┌──
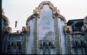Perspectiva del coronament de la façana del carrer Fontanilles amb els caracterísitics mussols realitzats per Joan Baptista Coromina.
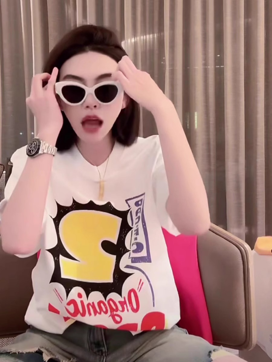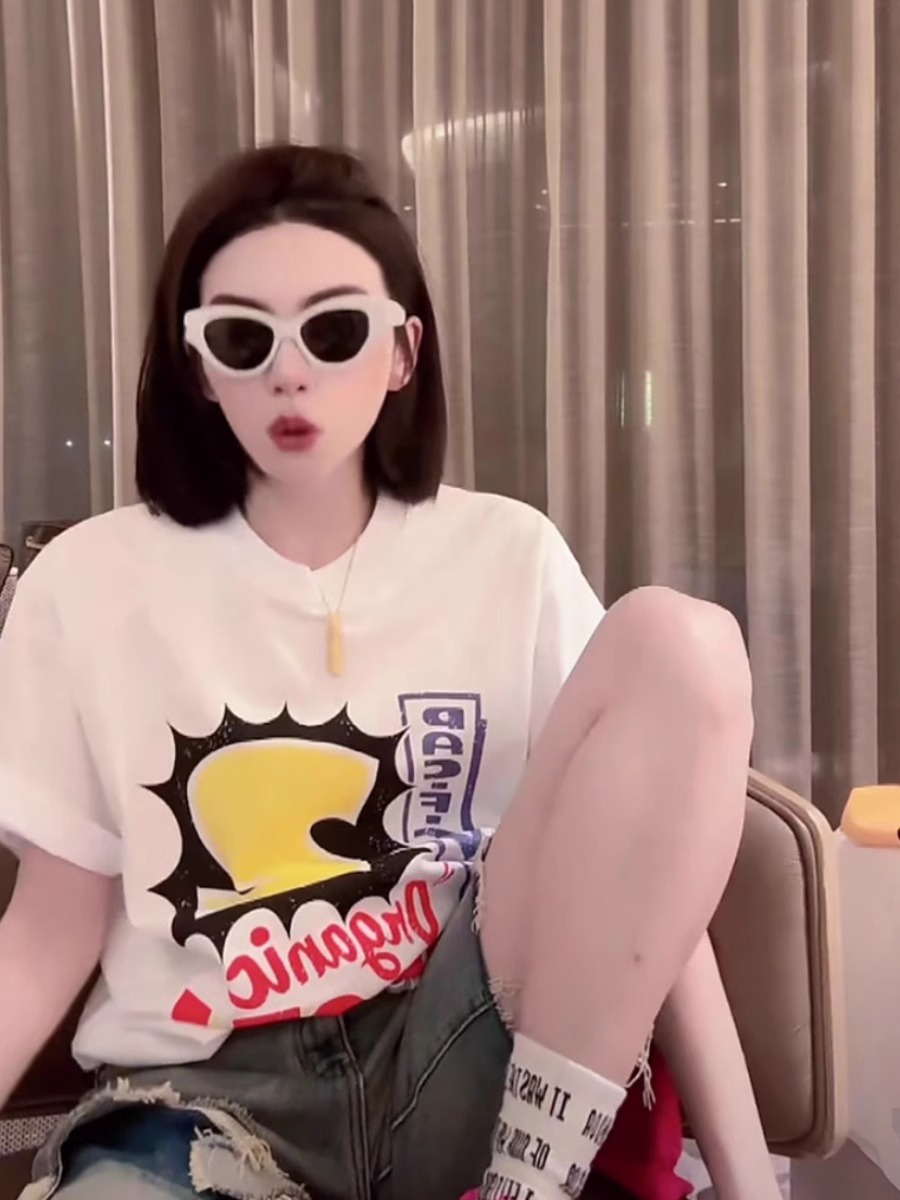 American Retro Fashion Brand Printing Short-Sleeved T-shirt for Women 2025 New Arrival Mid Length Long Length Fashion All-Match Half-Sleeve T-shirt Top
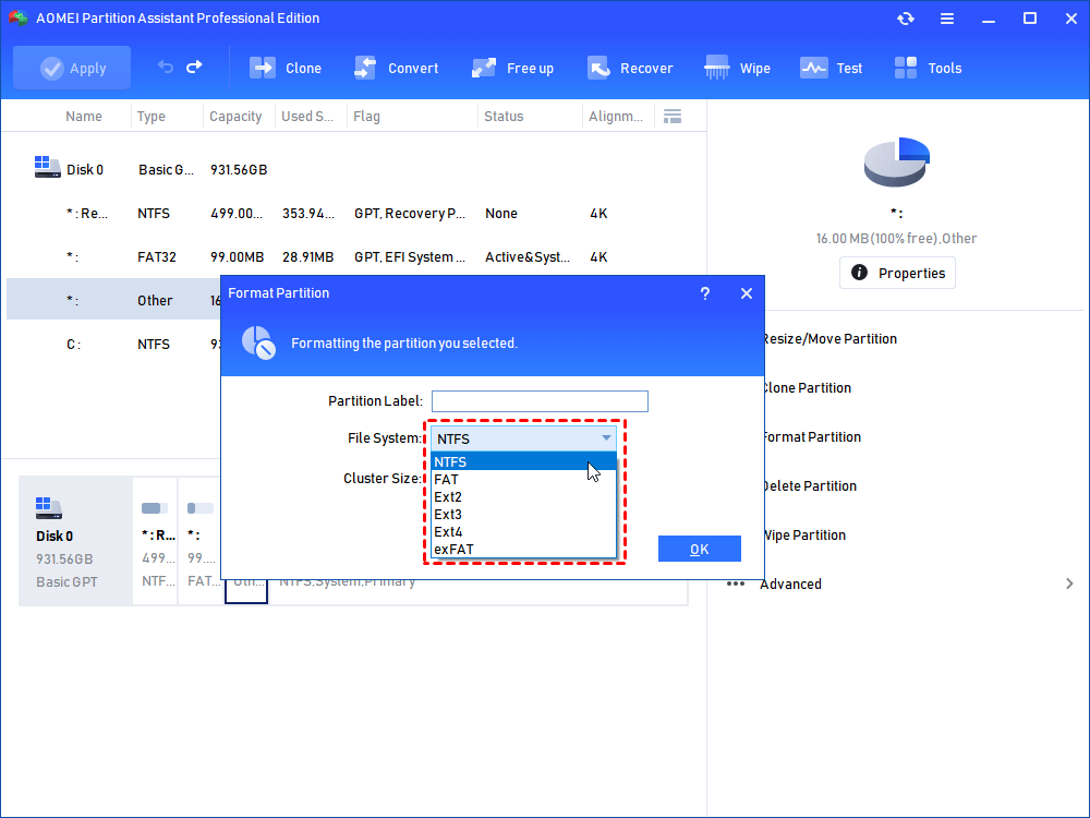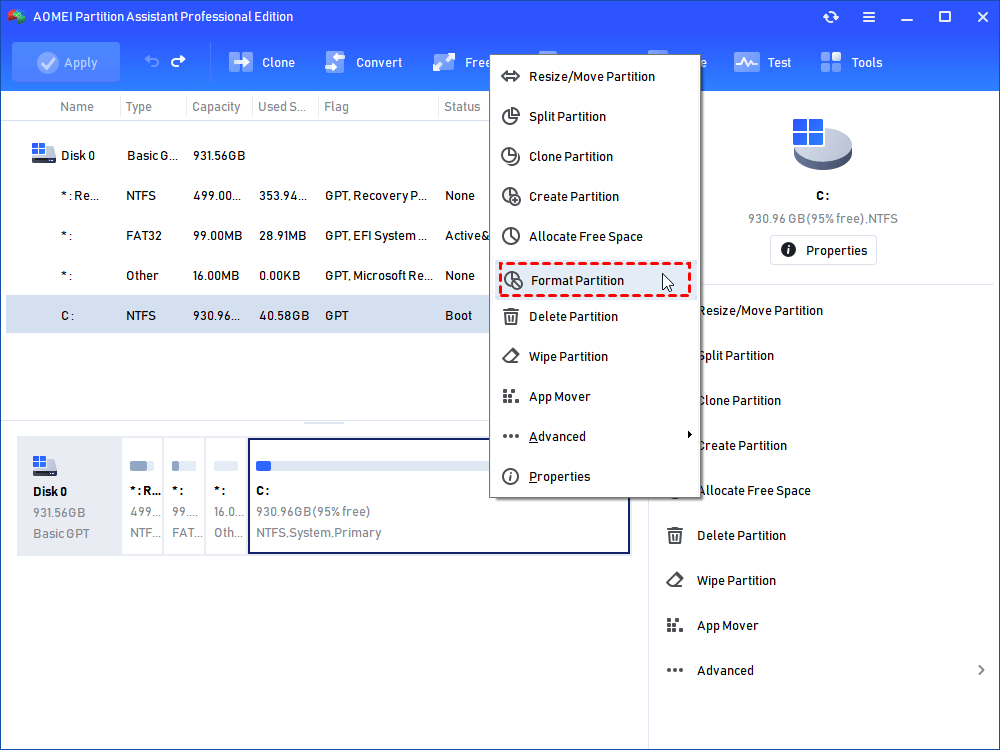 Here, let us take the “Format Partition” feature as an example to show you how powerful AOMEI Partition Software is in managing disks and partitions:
└──
__WHAT IS BEING ASKED__
Write out the whole listing exactly as it appears, and omit the pictures.

__SOLUTION FOR THIS EXERCISE__
Perspectiva del coronament de la façana del carrer Fontanilles amb els caracterísitics mussols realitzats per Joan Baptista Coromina.
 American Retro Fashion Brand Printing Short-Sleeved T-shirt for Women 2025 New Arrival Mid Length Long Length Fashion All-Match Half-Sleeve T-shirt Top
 Here, let us take the “Format Partition” feature as an example to show you how powerful AOMEI Partition Software is in managing disks and partitions:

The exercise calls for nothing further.